Yuri Popovich had watched his neighbours' houses burn down to the ground in Kyiv and he needed a safe place to put his money. So he did what millions of amateur investors have done in recent years: he turned to cryptocurrency.
"It was impossible and unsafe to store funds in the form of banknotes. There was a big risk of theft, we also had cases of looting. Therefore, I trusted a 'stable and reliable' cryptocurrency. Not for the purpose of speculating, but simply to save," he said.
The digital asset that Popovich chose in April was Terra, a "stablecoin" whose value was supposed to be pegged to the dollar. It collapsed in May, sparking a rout in the cryptocurrency market whose victims include Popovich. He lost $10,000.

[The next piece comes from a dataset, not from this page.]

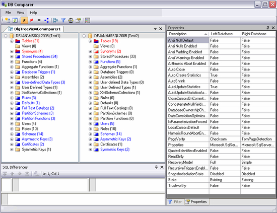 DBComparer is a professional database tool for comparing Microsoft SQL Server 2008 (and 2005) database structure. It is an excellent tool for any project development team or DBA's managing multiple copies of the same database on SQL Server. It's uniquely build user interface will bring you the best visual representation of differences and will give you the best way of discovering and eliminating differences.

Popovich said his losses were "devastating", although donations from sympathetic onlookers on social media have helped make up some of the shortfalls. He said: "I stopped sleeping normally, lost 4kg, I often have headaches and anxiety."
Popovich is one of many experiencing the deep chill of the current crypto winter, more than four years after the market's cornerstone, bitcoin, marked the first digital freeze by tumbling from its then peak. It went on a long tear after that but has come to a juddering halt, falling below the $20,000 mark at one point this month far below the peak of nearly $69,000 it hit last November.
The fall has been sharp and spectacular: a market estimated to be worth more than $3tn barely six months ago is now worth less than $1tn.